> _About this exercise_:
Go through the entries below and say how many lines contain the string "table"; write only that number.

Records excerpted from a collection
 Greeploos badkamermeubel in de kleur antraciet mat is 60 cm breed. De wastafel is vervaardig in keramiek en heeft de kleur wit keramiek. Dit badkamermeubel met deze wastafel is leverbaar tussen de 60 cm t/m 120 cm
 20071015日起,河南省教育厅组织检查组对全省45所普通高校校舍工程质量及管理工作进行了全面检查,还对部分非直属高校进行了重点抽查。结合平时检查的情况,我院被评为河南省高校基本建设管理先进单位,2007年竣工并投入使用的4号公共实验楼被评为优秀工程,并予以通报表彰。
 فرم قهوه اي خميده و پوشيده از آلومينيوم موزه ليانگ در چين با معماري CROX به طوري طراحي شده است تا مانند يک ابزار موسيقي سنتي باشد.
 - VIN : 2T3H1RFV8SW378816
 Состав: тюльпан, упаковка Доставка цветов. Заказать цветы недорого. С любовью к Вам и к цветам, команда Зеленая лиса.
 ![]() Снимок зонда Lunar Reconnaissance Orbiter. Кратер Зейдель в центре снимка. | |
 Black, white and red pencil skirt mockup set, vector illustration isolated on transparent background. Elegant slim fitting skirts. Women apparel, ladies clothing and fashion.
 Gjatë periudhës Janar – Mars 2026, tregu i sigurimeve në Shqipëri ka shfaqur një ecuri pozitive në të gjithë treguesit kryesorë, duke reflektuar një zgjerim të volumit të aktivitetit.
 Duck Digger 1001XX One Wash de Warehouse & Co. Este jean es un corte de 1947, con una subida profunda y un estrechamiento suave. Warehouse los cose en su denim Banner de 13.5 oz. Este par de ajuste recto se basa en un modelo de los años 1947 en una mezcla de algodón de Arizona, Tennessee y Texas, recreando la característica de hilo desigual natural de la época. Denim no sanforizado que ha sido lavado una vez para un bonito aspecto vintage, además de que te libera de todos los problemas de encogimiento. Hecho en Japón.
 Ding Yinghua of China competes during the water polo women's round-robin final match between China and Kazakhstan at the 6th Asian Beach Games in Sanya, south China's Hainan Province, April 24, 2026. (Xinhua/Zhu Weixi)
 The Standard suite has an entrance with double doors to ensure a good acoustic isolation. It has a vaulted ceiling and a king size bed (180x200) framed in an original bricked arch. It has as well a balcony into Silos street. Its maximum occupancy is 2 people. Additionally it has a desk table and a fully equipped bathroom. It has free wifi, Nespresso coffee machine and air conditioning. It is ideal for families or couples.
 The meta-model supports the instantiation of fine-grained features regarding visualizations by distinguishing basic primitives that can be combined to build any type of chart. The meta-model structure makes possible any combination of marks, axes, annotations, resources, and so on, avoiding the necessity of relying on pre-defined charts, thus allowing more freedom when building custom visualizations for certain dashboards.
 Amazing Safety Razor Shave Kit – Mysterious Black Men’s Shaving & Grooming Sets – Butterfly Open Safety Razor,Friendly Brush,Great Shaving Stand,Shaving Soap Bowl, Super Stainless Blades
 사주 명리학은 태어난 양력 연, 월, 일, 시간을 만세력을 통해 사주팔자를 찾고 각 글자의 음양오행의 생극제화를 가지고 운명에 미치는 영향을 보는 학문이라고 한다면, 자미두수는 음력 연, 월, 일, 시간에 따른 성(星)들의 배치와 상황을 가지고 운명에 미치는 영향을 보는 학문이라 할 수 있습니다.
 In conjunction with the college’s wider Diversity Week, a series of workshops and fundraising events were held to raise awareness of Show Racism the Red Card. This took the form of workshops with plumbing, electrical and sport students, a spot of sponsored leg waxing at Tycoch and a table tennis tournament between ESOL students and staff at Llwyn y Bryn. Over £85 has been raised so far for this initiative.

> _Expected output_:
2